Dine show displays breadth, versatility, and creativity

Appearing on Culture Concept site, July 2017

 

 

Jim Dine is sometimes categorised as a Pop artist but a new exhibition of his prints at the National Gallery Victoria (International) shows the real breadth and creativity of his work. Jim Dine: A Life in Print displays 100 works covering 45 years. The prints are part of a gift of 249 works donated by the artist to the NGV collection.

Dine originally became known as one of the group of New York artists including Jasper Johns and Robert Rauschenberg in the 1960s, although he never saw his work as ‘Pop’. But the grouping is understandable, as Dine often chose everyday objects as his subject matter. He produced, for example, a long series of prints of dressing gowns, originally derived from an advertisement.Dine Robes

At another level, he also produced extremely realistic drawings and prints of tools, such as hammers, saws, axes, and even nutcrackers. This interest in mechanical processes, which also informed his precise attitude towards printmaking, stemmed from his upbringing: he was raised by his grandparents, who owned a hardware store.

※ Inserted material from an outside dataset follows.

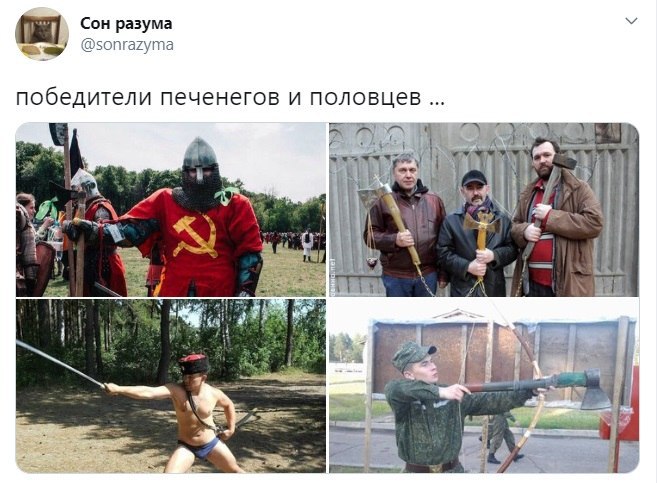 Так, на деяких з них можна побачити котів, які міркують про половців та печенігів.

However, as his work evolved through the 1980s he became more experimental, combining printing techniques to obtain certain effects and “interfering” (his word) in the printing process to produce one-off rather than replicated prints. He also began to use innovative materials. Blue Crommelynck Gate (1982) is a lithograph printed with black and silver ink on a surface painted with synthetic polymer, for instance. In this sense, Dine presaged the current trends of printmaking towards mono-prints and the fusion of commercial with fine art techniques.Blue Crommely Gate 1982

Along the way, Dine drew on subjects as varied as skulls, birds and the Eiffel Tower (he is now based in Paris) for prints and drawings. He has also produced portraits and self-portraits, usually as lithographs.

Even in his eighties, Dine continues to create prints, as well as paintings and sculptures. He has, he says, a wealth of ideas for new works and no plan to stop creating.

Dine self 2008 litho

 

 

The show Jim Dine: A Life in Print is on display at the NGV International until 15 October 2017.